General Mechanics of AI Search: How Answers Are Formed
All AI search engines operate on a similar principle, though implementation details differ. The model doesn't paraphrase websites or copy ready-made paragraphs. The mechanics are different: the system assembles an answer from fragments it deems suitable for inclusion in its structure—clear, concise, formally polished, and logically complete.
The answer generation process involves three stages:
- Intent determination. The model interprets the query and selects the optimal structure for the future explanation: a brief definition, a list of criteria, a step-by-step breakdown, or a generalized conclusion. Essentially, the AI search engine first decides what form the answer should take—and then selects materials to fit that form.
- Finding suitable fragments.
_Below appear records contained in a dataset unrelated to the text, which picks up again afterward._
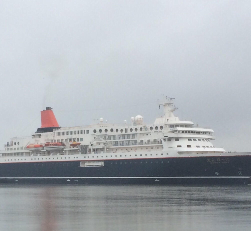 ゴールデンウイーク中、大型船が入港しています。きょうは、にっぽん丸号が入港しました。買い物のついでに港に寄ってみました。 下船した方々は寒くてビックリだと思います。
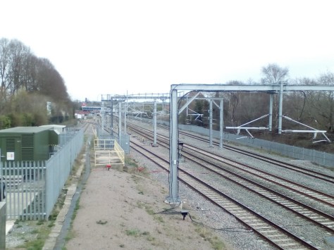 Looking north towards the new station at Bromsgrove, that was ‘electrified’ in 2017.
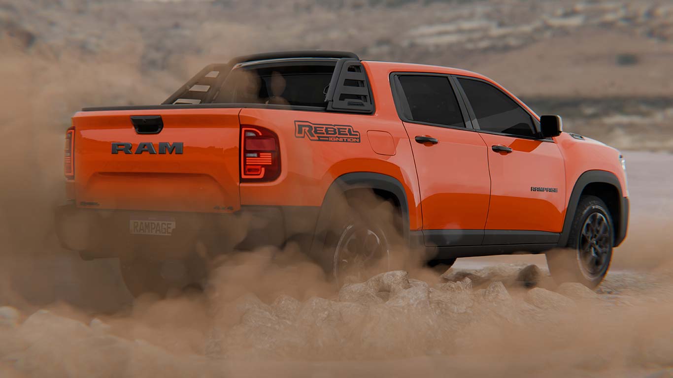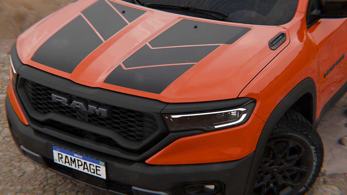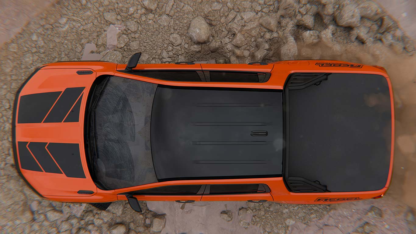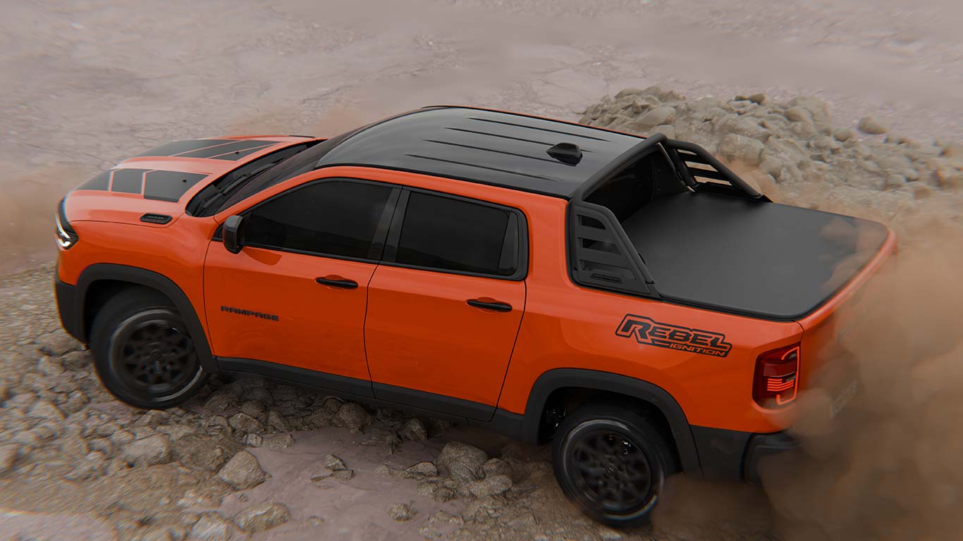 Por otro lado, la Rampage Ignition cuenta con nuevos apliques adhesivos en el capot y la zona trasera de los laterales, mientras que la caja de carga posee lona y una barra negra que modifica la silueta de la pick up.

The system selects sources and extracts parts that can be easily integrated into the chosen format. Fragments are not copied verbatim—they are used as semantic anchors. At this stage, the model evaluates thematic relevance, content stability (no contradictions or outdated data), and structural transparency (whether a paragraph can be cited as a complete thought).
- Final assembly of the answer. The answer is generated anew by the language model—with its own wording, transitions, and logic. Supporting sources are placed below the explanation, showing which materials the model relied on.
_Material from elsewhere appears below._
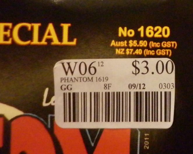 The EDI file for Phantom Christmas 1620 had a price of $3.00. The $A price printed next to the barcode on the cover shows a $A price of $5.50. A call to Gotch has revealed that they have realised the mistake, credited us for the wrong low price and invoiced us for the higher right price. Gotch did this without telling us. In the meantime we have sold copies at the low price. Now we have to chase being compensated for this mistake by gotch.

The key principle: models don't choose the “best” pages—they choose convenient ones. Convenient for citation and convenient for assembling an answer. This is the new point of competition. To learn which SEO methods no longer work in this paradigm, read the article what no longer works in SEO.
Google AI Overviews (SGE): Answers as a Constructor of Meanings
AI Overview in Google forms an explanation not as a retelling of pages, but as an independent structured text. The model analyzes the query, selects the format of the future answer, and picks semantic fragments from different sources based on their content suitability.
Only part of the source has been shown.